_Provided information_
-- Opening Marker --

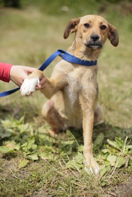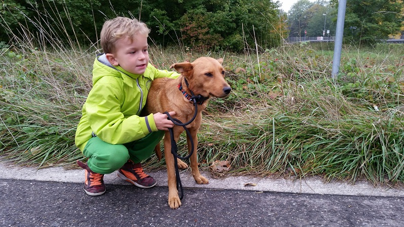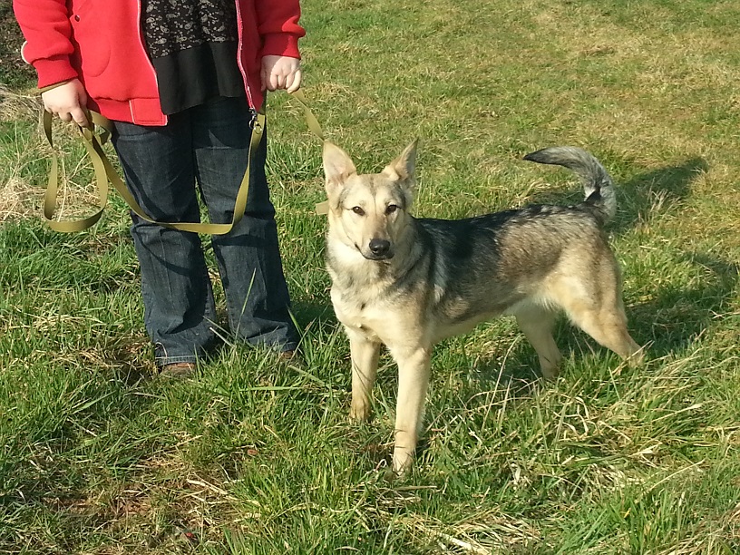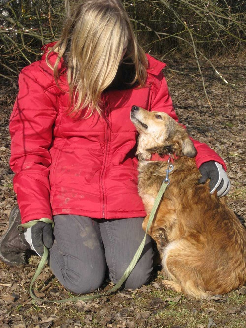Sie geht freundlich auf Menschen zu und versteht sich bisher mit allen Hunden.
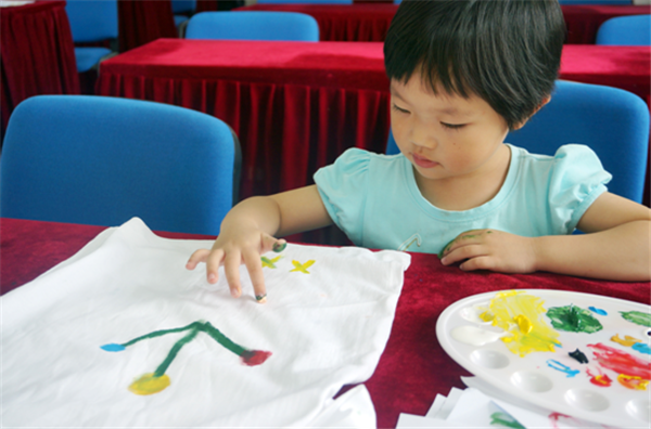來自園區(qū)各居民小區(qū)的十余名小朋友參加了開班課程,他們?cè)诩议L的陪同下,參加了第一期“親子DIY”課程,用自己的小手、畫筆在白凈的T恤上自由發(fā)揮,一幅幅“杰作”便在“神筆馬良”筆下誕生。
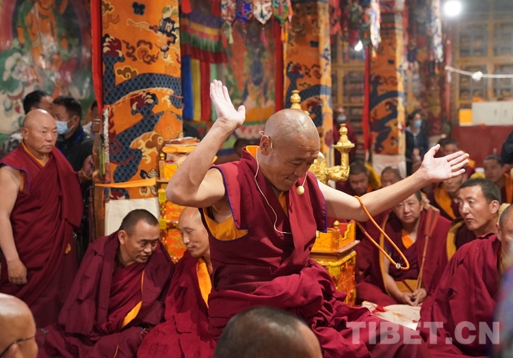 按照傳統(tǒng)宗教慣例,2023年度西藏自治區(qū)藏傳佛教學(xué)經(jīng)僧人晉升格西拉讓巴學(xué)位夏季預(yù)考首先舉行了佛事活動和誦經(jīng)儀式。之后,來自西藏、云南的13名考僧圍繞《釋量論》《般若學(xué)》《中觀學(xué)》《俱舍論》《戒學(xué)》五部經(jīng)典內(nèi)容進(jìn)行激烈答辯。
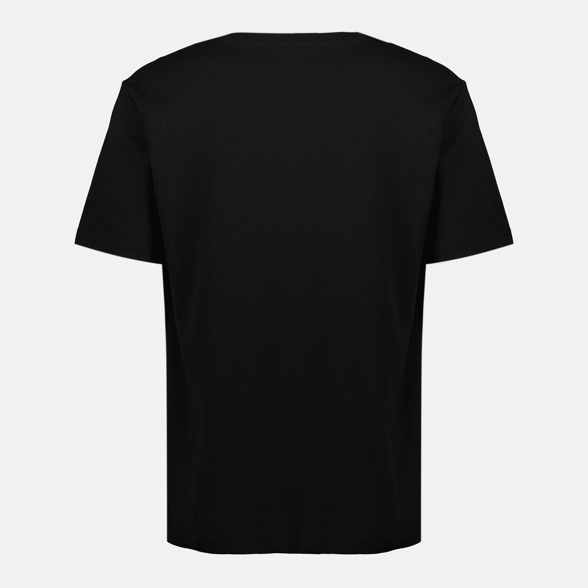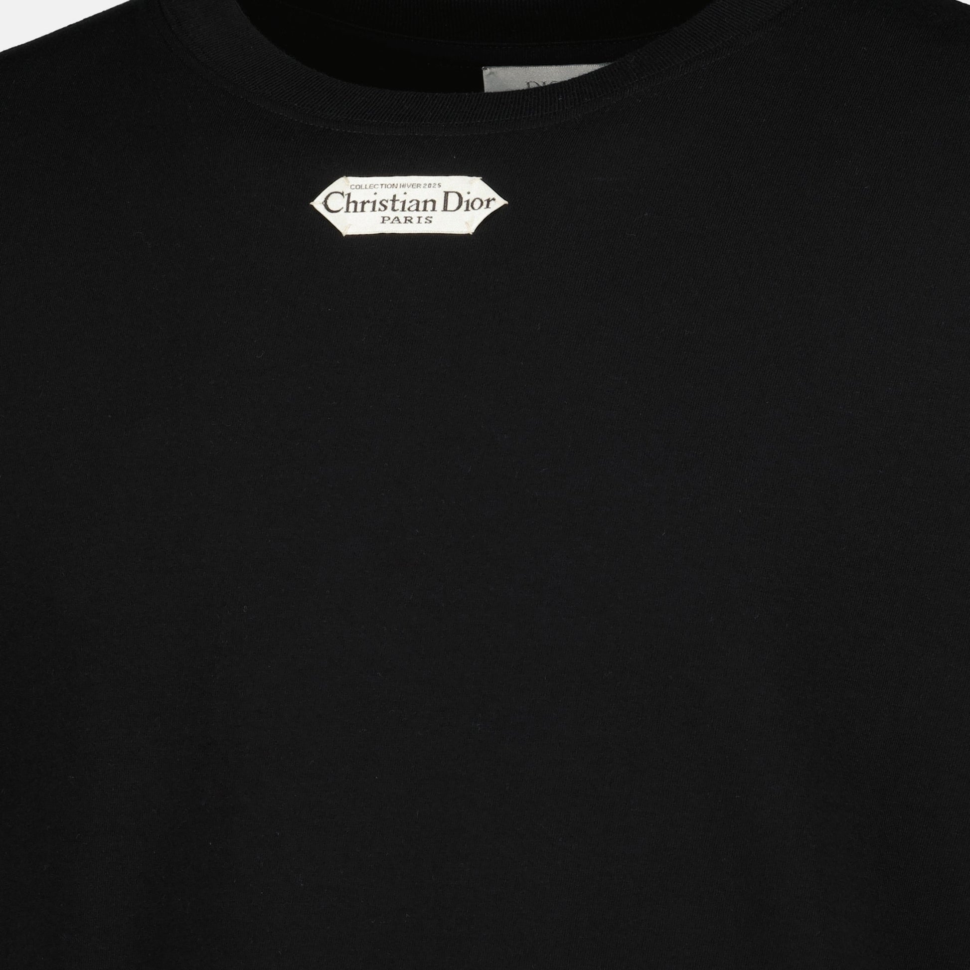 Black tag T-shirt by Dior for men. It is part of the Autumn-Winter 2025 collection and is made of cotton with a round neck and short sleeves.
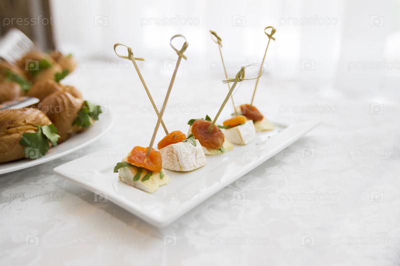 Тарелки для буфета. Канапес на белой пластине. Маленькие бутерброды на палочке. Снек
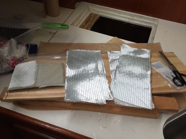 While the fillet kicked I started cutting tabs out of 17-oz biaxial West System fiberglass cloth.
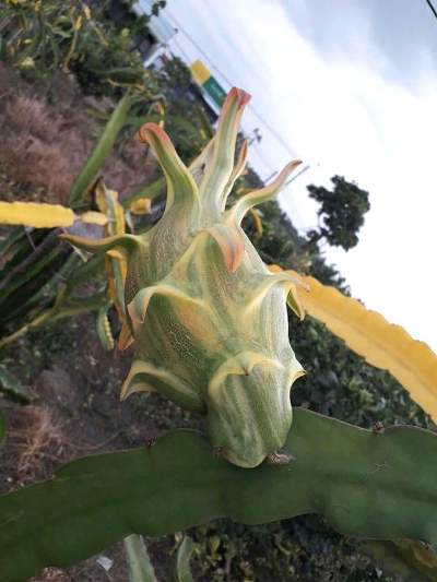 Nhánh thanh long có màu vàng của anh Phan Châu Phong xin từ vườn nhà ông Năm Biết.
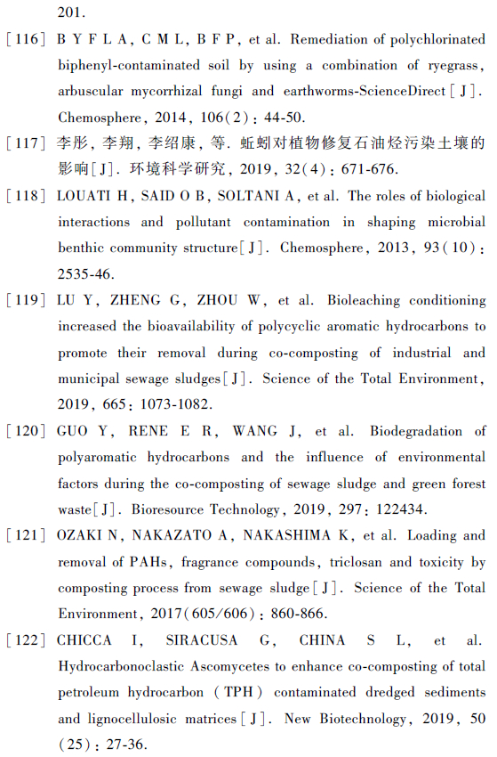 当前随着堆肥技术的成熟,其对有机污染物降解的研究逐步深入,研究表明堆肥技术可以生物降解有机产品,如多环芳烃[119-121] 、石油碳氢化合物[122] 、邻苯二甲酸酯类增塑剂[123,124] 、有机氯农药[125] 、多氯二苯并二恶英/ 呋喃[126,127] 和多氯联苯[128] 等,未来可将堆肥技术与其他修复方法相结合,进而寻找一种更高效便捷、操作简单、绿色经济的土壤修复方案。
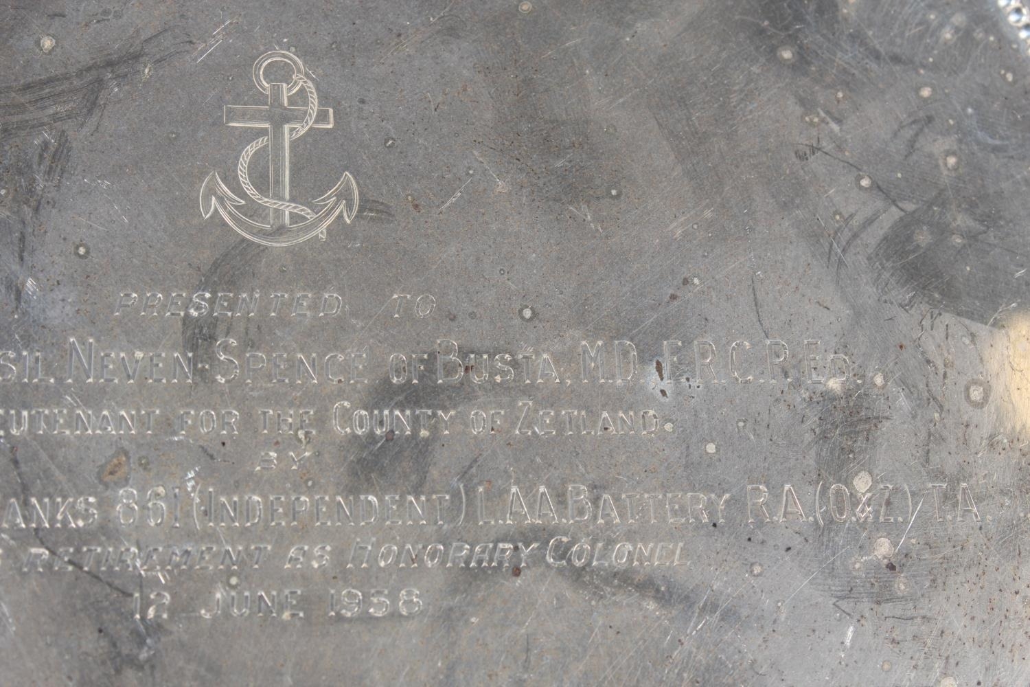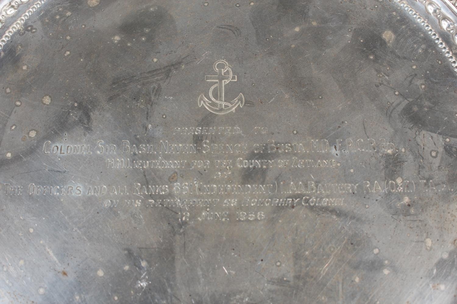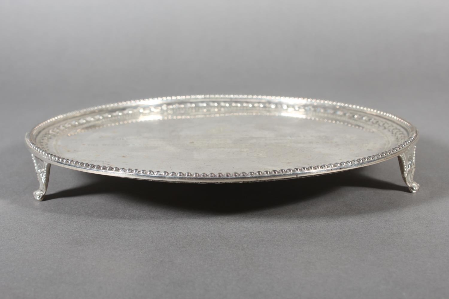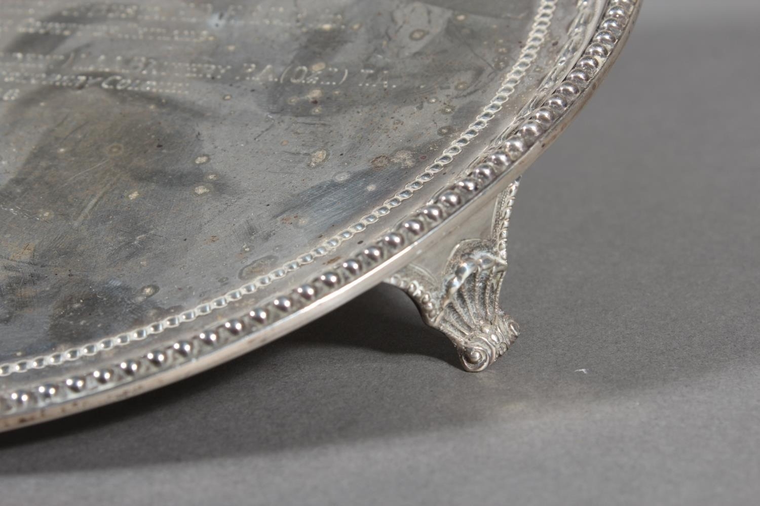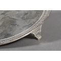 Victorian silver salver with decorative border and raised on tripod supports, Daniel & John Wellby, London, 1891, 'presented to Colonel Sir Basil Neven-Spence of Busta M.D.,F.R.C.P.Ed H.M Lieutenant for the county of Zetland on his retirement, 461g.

-- Closing Marker --

_Task to carry out_
Could you repeat every entry above exactly, with each picture omitted?

_The completed task_
Sie geht freundlich auf Menschen zu und versteht sich bisher mit allen Hunden.
來自園區(qū)各居民小區(qū)的十余名小朋友參加了開班課程,他們?cè)诩议L的陪同下,參加了第一期“親子DIY”課程,用自己的小手、畫筆在白凈的T恤上自由發(fā)揮,一幅幅“杰作”便在“神筆馬良”筆下誕生。
 按照傳統(tǒng)宗教慣例,2023年度西藏自治區(qū)藏傳佛教學(xué)經(jīng)僧人晉升格西拉讓巴學(xué)位夏季預(yù)考首先舉行了佛事活動和誦經(jīng)儀式。之后,來自西藏、云南的13名考僧圍繞《釋量論》《般若學(xué)》《中觀學(xué)》《俱舍論》《戒學(xué)》五部經(jīng)典內(nèi)容進(jìn)行激烈答辯。
 Black tag T-shirt by Dior for men. It is part of the Autumn-Winter 2025 collection and is made of cotton with a round neck and short sleeves.
 Тарелки для буфета. Канапес на белой пластине. Маленькие бутерброды на палочке. Снек
 While the fillet kicked I started cutting tabs out of 17-oz biaxial West System fiberglass cloth.
 Nhánh thanh long có màu vàng của anh Phan Châu Phong xin từ vườn nhà ông Năm Biết.
 当前随着堆肥技术的成熟,其对有机污染物降解的研究逐步深入,研究表明堆肥技术可以生物降解有机产品,如多环芳烃[119-121] 、石油碳氢化合物[122] 、邻苯二甲酸酯类增塑剂[123,124] 、有机氯农药[125] 、多氯二苯并二恶英/ 呋喃[126,127] 和多氯联苯[128] 等,未来可将堆肥技术与其他修复方法相结合,进而寻找一种更高效便捷、操作简单、绿色经济的土壤修复方案。
 Victorian silver salver with decorative border and raised on tripod supports, Daniel & John Wellby, London, 1891, 'presented to Colonel Sir Basil Neven-Spence of Busta M.D.,F.R.C.P.Ed H.M Lieutenant for the county of Zetland on his retirement, 461g.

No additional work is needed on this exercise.